The two dark-haired girls peel off after they’ve crossed the road and Grace pauses for a second, watching them go. She’s too far away for me to see the expression in her eyes but the set of her face makes her appear worried. Is she lonely, just living with Dom? Does her heart sink when it’s time to go home? Maybe she’s envious of her friends’ families? There’s so much about my daughter’s life I can only guess at, so much I don’t know.

For one terrible second I think she’s about to go after her friends, then she pulls her phone out of her jacket pocket, crams her earphones into her ears and walks down the street to where we’re parked.

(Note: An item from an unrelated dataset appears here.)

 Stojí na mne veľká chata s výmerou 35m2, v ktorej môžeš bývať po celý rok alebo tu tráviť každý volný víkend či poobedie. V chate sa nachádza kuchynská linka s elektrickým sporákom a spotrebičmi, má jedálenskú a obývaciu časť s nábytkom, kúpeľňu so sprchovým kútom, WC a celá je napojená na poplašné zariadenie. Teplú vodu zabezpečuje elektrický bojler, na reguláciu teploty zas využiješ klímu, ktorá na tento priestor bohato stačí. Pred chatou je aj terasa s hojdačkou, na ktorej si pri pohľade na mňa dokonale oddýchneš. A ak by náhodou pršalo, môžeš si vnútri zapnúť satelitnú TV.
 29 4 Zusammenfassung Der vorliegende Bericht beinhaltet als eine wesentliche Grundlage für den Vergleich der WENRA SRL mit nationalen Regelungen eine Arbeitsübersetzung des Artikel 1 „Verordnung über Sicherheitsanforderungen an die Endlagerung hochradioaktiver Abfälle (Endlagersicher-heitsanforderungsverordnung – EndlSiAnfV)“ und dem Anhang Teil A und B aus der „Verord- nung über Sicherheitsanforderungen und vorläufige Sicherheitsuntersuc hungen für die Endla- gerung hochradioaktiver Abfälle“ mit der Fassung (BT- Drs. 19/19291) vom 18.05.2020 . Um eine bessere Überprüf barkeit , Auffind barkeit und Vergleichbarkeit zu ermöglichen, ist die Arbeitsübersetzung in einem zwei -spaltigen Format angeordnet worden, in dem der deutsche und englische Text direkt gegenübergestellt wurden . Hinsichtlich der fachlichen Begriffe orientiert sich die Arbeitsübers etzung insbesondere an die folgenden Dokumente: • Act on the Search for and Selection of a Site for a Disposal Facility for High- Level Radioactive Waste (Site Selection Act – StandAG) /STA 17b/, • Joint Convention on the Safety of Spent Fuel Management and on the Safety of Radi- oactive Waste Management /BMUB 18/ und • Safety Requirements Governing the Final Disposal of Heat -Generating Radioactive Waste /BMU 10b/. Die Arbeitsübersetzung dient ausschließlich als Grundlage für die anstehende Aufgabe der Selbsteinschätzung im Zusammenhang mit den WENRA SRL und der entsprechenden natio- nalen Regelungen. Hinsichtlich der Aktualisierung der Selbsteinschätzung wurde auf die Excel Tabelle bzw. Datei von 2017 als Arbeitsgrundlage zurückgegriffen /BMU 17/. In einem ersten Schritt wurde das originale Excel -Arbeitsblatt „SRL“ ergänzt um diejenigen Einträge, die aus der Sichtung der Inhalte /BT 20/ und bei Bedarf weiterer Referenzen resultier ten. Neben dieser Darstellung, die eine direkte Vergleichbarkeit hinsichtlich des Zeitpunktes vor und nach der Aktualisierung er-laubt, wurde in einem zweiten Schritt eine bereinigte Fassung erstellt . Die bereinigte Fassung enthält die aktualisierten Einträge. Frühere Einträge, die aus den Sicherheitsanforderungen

I will time to slow down as she draws closer. I need to look at her, to take in every last detail, to keep me going until I see her again. Her hair’s longer than it was when she was a child, but she’s still got the same wild, corkscrew curls. Her skin looks pale, gone is the ruddy healthiness of a child who’d play outside at every given opportunity, and the soft roundness of her cheeks and jawline has almost faded away. She has high cheekbones like Dom, a smaller nose than either of us, full pink lips and my dark shadows beneath her eyes. She’s a beautiful twelve-year-old girl but she’s still my child, my confident, chatty seven-year-old, my giggly, silly three-year-old, the baby I held in my arms.

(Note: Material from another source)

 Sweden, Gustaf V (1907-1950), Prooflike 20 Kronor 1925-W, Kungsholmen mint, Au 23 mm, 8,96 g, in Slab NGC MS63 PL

‘Liv?’ Ayesha’s voice is a background hum as I reach for the door catch. ‘Liv, don’t! Liv, oh for fuck’s sake no!’

Grace glances up from her phone, startled and unsure. There’s confusion in her eyes as she looks me up and down then wariness and a dawning recognition as her gaze rests on my face. My heart leaps. This is the moment I’ve spent five years dreaming about, when she throws herself into my arms and everything that’s happened is gone in an instant. Smithy was wrong. You can rewind time.

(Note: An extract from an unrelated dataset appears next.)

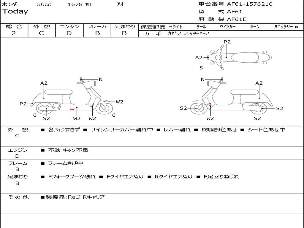 | Номер рамы / VIN | AF61-1576210 |

Smiling, I take a step closer, but the light dims in Grace’s eyes and I draw to a halt. Her lips have tightened and her expression has hardened. We stare at each other, so close physically, the closest I’ve been to her in years, but never further apart.

‘Gracie,’ her name leaves my lips on a frightened whisper. This isn’t how it was supposed to happen. I didn’t expect her to look so angry. ‘Gracie, I’ve missed you so much.’

She twists around to look behind her, to check her friends aren’t watching or to look for help? But the street is empty, all the other kids have dispersed.

Her gaze returns, warily, to me. ‘What happened to your eye?’

I touch a hand to the tender skin above my cheekbone. Before I left Ayesha’s I plastered concealer onto the purple/green bruising but I may as well have put Tippex on a mural for all the difference it made.

‘I knocked into something.’

My daughter’s eyes narrow suspiciously. ‘You look like you were in a fight.’

‘I got out of prison yesterday.’ The words come out in a rush. ‘I know I’m not supposed to see you like this, that I should wait for a visit with Granny and Grandad, but I couldn’t do that. I’ve missed you so much. I thought about you every single day I was away. The only thing that got me through it was the prospect of seeing you again.’

Grace recoils, shoulders hunched, head down as though every word I am saying is so repugnant, so cringeworthy, she just wants to disappear.

‘I know it’s a shock,’ I continue, ‘seeing me again, like this, but—’

‘You tried to kill Dad!’ The words explode out of her and her eyes, the palest of blue, just like Dominic’s, glint with anger.

‘I didn’t. I promise you. Someone made it look as though I did but I really, really didn’t.’

‘The jury thought you did. People don’t get sent to prison for something they didn’t do.’

It’s a phrase she’s used before, when she was seven, in the first call I made to her from prison. It sounded to me as though she was parroting someone else’s words, her grandparents’ perhaps, or Dom’s. Back then she accepted my explanation that sometimes mistakes are made and Mummy was trying very hard to get the judge to look at her case again. Seconds later we were talking about a dream she’d had the night before and the games she’d played at school with her friends.